Below are some records. Return exactly the lines from the one with "CONFLICTO. Al menos" to the one with "解放军在解放兰州战役中曾浴血抢占中山铁桥。", and nothing else.

● ● ● ● ●

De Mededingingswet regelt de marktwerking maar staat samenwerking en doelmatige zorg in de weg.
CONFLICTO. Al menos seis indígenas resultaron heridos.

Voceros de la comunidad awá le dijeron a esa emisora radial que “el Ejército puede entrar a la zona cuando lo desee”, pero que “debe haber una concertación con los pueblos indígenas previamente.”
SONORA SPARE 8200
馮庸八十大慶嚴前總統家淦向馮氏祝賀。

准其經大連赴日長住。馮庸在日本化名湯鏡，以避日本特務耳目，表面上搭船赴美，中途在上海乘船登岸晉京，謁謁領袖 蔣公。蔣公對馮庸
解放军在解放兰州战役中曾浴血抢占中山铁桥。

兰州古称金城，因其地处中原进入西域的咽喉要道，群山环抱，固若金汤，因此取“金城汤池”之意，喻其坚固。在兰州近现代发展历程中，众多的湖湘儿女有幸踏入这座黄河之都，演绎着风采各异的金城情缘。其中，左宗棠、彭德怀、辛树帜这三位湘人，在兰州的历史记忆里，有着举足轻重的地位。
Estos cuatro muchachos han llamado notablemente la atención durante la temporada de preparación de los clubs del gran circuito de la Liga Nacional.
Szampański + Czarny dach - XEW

● ● ● ● ●

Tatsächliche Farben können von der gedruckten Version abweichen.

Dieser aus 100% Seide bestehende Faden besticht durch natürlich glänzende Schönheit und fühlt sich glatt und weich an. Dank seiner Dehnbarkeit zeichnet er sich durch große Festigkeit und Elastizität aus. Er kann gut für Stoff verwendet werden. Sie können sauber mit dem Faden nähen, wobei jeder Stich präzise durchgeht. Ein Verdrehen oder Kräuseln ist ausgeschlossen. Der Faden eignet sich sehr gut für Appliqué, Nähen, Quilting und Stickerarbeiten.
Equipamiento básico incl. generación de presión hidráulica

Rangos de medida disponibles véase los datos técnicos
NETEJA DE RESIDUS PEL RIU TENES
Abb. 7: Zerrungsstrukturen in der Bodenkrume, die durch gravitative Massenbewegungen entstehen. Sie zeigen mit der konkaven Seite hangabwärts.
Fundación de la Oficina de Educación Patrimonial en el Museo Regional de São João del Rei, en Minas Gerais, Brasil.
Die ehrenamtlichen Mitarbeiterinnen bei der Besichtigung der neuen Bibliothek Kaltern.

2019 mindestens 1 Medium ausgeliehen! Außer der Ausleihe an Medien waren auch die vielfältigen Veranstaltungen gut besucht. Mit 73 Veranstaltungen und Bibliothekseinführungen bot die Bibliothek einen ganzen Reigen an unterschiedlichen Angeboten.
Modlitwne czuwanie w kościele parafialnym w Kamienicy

● ● ● ● ●

> _EXPECTED OUTPUT_
CONFLICTO. Al menos seis indígenas resultaron heridos.

Voceros de la comunidad awá le dijeron a esa emisora radial que “el Ejército puede entrar a la zona cuando lo desee”, pero que “debe haber una concertación con los pueblos indígenas previamente.”
SONORA SPARE 8200
馮庸八十大慶嚴前總統家淦向馮氏祝賀。

准其經大連赴日長住。馮庸在日本化名湯鏡，以避日本特務耳目，表面上搭船赴美，中途在上海乘船登岸晉京，謁謁領袖 蔣公。蔣公對馮庸
解放军在解放兰州战役中曾浴血抢占中山铁桥。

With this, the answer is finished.